La France l’a bien compris. Membre de la COI par l’intermédiaire de La Réunion et, de très loin, son premier contributeur, Paris voit dans la Commission un bon moyen d’exercer son influence dans cette zone de confluence.
La présence de François Hollande lors du quatrième sommet des chefs d’État, à Moroni, en août 2014, avait justement pour but de rappeler l’engagement de son pays dans cette organisation, également suivie avec beaucoup d’attention par d’autres grandes puissances. Les États-Unis y sont militairement présents avec leur base de Diego Garcia, installée dans l’archipel des Chagos. La Chine est le premier pays à avoir obtenu le statut d’observateur de la COI en mai dernier, et l’Inde pourrait rapidement lui emboîter le pas.
Si la sous-région veut prendre toute la place qu’elle s’estime en droit d’occuper sur la scène internationale, elle doit encore pour cela affermir les liens entre ses propres membres.
« Groupés, nous sommes plus forts que séparés », rappelle comme une évidence Jean-Michel Jauze, doyen à l’université de La Réunion, qui demande que les États « transcendent leurs différences identitaires ». Grâce au volontarisme de Jean Claude de l’Estrac, l’Indianocéanie a enregistré de sérieuses avancées sur les dossiers prioritaires que sont la connectivité aérienne entre les différents pays membres, la protection des ressources halieutiques ou la sécurité alimentaire.
Beaucoup d’observateurs espèrent maintenant que l’arrivée du Comorien Hamada Madi Boléro au poste de secrétaire général en juillet ne ralentira pas l’élan suscité par son prédécesseur.

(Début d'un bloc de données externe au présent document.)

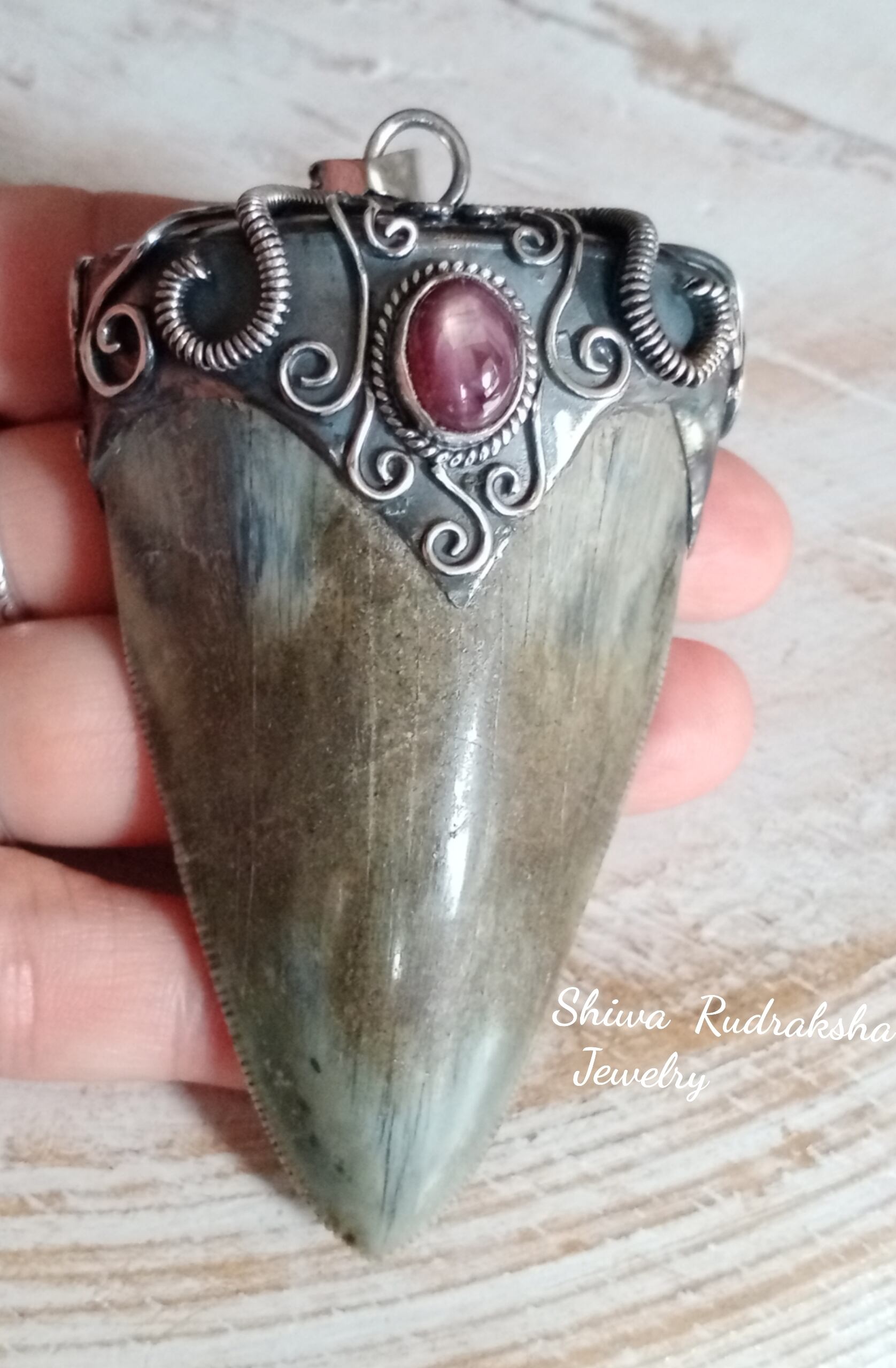約300万年前のものと思われる「ホホジロザメ」の歯の化石を、ゴージャスなペンダントトップにしました。

En quelques années, la COI a réussi à s’imposer comme la traduction politique d’une identité indianocéanique en construction, destinée à servir de moteur à une véritable intégration sous-régionale. Une première étape qui en demande d’autres, pour qu’un jour puisse être constituée cette fameuse communauté que beaucoup appellent de leurs vœux.
C’EST QUOI LA COI
Créée en 1982 à Port-Louis et institutionnalisée deux ans plus tard par l’accord de Victoria, la Commission de l’océan Indien (COI) est la seule organisation régionale d’Afrique constituée uniquement de territoires insulaires.
Elle réunit à ses débuts Maurice, Madagascar et les Seychelles, rejoints en 1986 par les Comores et la France par l’intermédiaire de La Réunion, avec pour principale mission de resserrer les liens culturels, mais également politiques et économiques, entre ses cinq pays membres.
Elle défend également leurs intérêts sur la scène régionale et internationale. Si les chefs d’État se retrouvent lors de sommets organisés plus ou moins régulièrement (quatre en trente-deux ans), leurs ministres des Affaires étrangères se réunissent chaque année pour déterminer les priorités dont le secrétariat général, véritable organe exécutif, aura la charge.
Pour renforcer l’intégration régionale, la COI conduit des projets liés à l’économie et au commerce, à l’environnement et au changement climatique, à la mobilité et à la connectivité. Son champ d’action s’est graduellement élargi vers le champ diplomatique, avec les missions d’observation aux Comores en 1997, puis à Madagascar, lors de la sortie de crise, en 2013, et, plus récemment, lors du scrutin présidentiel de février.